To minimize dizziness and lightheadedness, get up slowly when rising from a seated or lying position.
This medication may make you more sensitive to the sun. Avoid prolonged sun exposure, tanning booths or sunlamps. Use a sunscreen and wear protective clothing when outdoors.
Before having surgery, tell your doctor or dentist that you are using minocycline.
Caution is advised when using this drug in the elderly because they may be more sensitive to its effects.
This medication should not be used in children younger than 8 years of age because it may cause permanent tooth discoloration and other problems. Tooth discoloration has also occurred in older children and young adults. Consult your doctor for more information.
This medication is not recommended for use during pregnancy because of possible harm to an unborn baby. Consult your doctor for more details.
This medication passes into breast milk in very small amounts. While there have been no reports of harm to nursing infants, consult your doctor before breast-feeding.
See also How to Use.
Your healthcare professionals (e.g., doctor or pharmacist) may already be aware of any possible drug interactions and may be monitoring you for it. Do not start, stop, or change the dosage of any medicine before checking with them first.
This drug should not be used with the following medications because very serious interactions may occur: retinoid medications taken by mouth (such as acitretin, isotretinoin).
If you are currently using any of these medications, tell your doctor or pharmacist before starting minocycline.
Before using this medication, tell your doctor or pharmacist of all prescription and nonprescription/herbal products you may use, especially of: digoxin, live bacterial vaccines, warfarin.
Although most antibiotics are unlikely to affect hormonal birth control such as pills, patch, or ring, a few antibiotics (such as rifampin, rifabutin) can decrease their effectiveness. This could result in pregnancy. If you use hormonal birth control, ask your doctor or pharmacist for more details.
This product can affect the results of certain lab tests. Make sure laboratory personnel and your doctors know you use this drug.
This document does not contain all possible interactions. Therefore, before using this product, tell your doctor or pharmacist of all the products you use. Keep a list of all your medications with you, and share the list with your doctor and pharmacist.
If overdose is suspected, contact a poison control center or emergency room right away. US residents can call their local poison control center at 1-800-222-1222. Canada residents can call a provincial poison control center.

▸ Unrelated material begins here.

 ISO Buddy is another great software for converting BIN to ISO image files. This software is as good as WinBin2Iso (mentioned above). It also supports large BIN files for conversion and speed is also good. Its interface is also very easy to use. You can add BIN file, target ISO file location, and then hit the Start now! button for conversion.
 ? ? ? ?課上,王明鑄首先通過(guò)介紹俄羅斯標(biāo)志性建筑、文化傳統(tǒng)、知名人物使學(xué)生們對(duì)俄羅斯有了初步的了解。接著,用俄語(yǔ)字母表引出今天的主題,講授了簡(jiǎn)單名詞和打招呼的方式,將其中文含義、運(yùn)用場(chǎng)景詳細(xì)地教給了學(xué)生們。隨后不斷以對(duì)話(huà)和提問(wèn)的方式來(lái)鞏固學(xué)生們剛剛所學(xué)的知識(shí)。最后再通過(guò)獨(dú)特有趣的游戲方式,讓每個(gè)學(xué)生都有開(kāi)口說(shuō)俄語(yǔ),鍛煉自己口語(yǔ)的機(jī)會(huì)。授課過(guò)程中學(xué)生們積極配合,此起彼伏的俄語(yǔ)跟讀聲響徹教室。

Do not share this medication with others.
This medication has been prescribed for your current condition only. Do not use it later for another infection unless told to do so by your doctor. A different medication may be necessary in those cases.

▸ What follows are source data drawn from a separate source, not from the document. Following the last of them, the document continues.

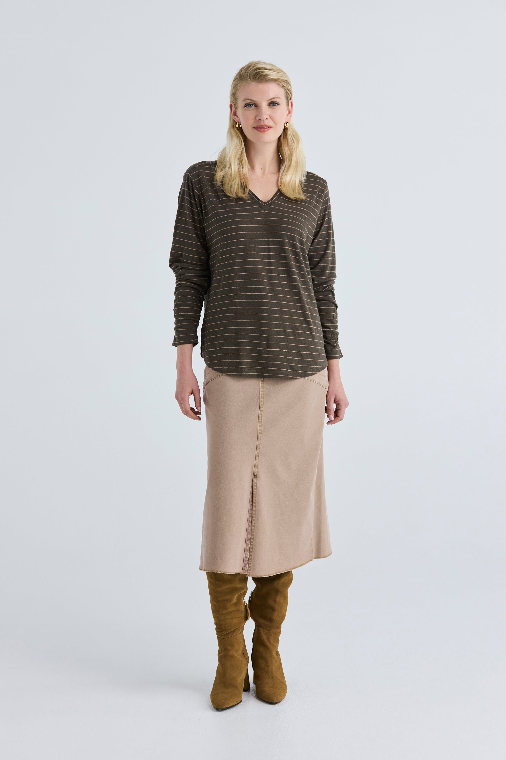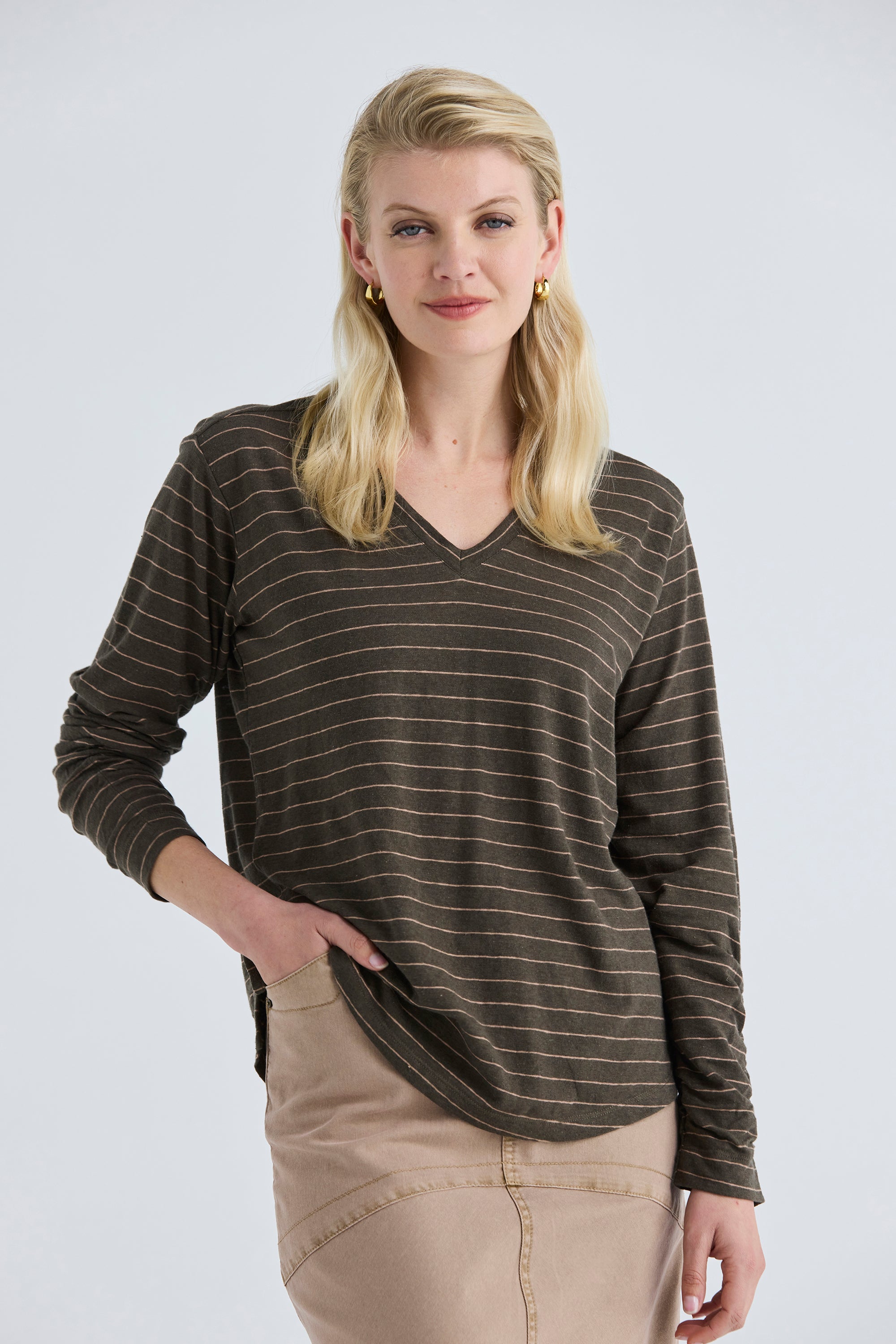 Embrace relaxed charm with the Wave Top. This top is made from a blend of linen and cotton in a striped design. Relaxed fit with V-neckline, featuring ruched detailing at the sleeve cuffs. This style is the perfect timeless basic to complete your wardrobe this season.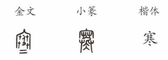 “寒”的金文字形中,外面是一个房子,屋子的中间是瑟瑟发抖的“人”,他的脚下踩着两块冰,意思是寒从脚起;“人”的四周都是草,表示在屋子内铺草御寒。
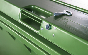 Ein hochwertiger 1100 Liter Kunststoffcontainer zur sicheren und geruchsarmen aufbewahrung von Abfällen.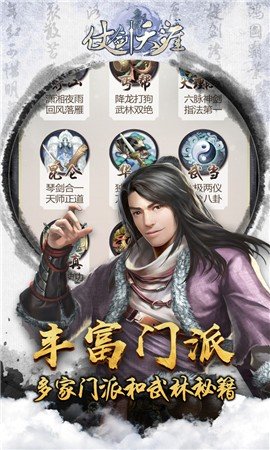 海量门派——真实还原武林各大门派江湖恩怨,24个正邪门派等你来虐。每个门 派都有属于自己的特殊武学、独特技能杂学,一统江湖不是梦。

Laboratory and/or medical tests may be performed periodically to monitor your progress or check for side effects. Consult your doctor for more details.
If you miss a dose, take it as soon as you remember. If it is near the time of the next dose, skip the missed dose and resume your usual dosing schedule. Do not double the dose to catch up.
Store at room temperature between 68-77 degrees F (20-25 degrees C) away from light, moisture, and excessive heat. Do not store in the bathroom. Keep all medicines away from children and pets.
Do not flush medications down the toilet or pour them into a drain unless instructed to do so. Properly discard this product when it is expired or no longer needed. Taking outdated tetracycline-related drugs can result in serious illness. Consult your pharmacist or local waste disposal company for more details about how to safely discard your product.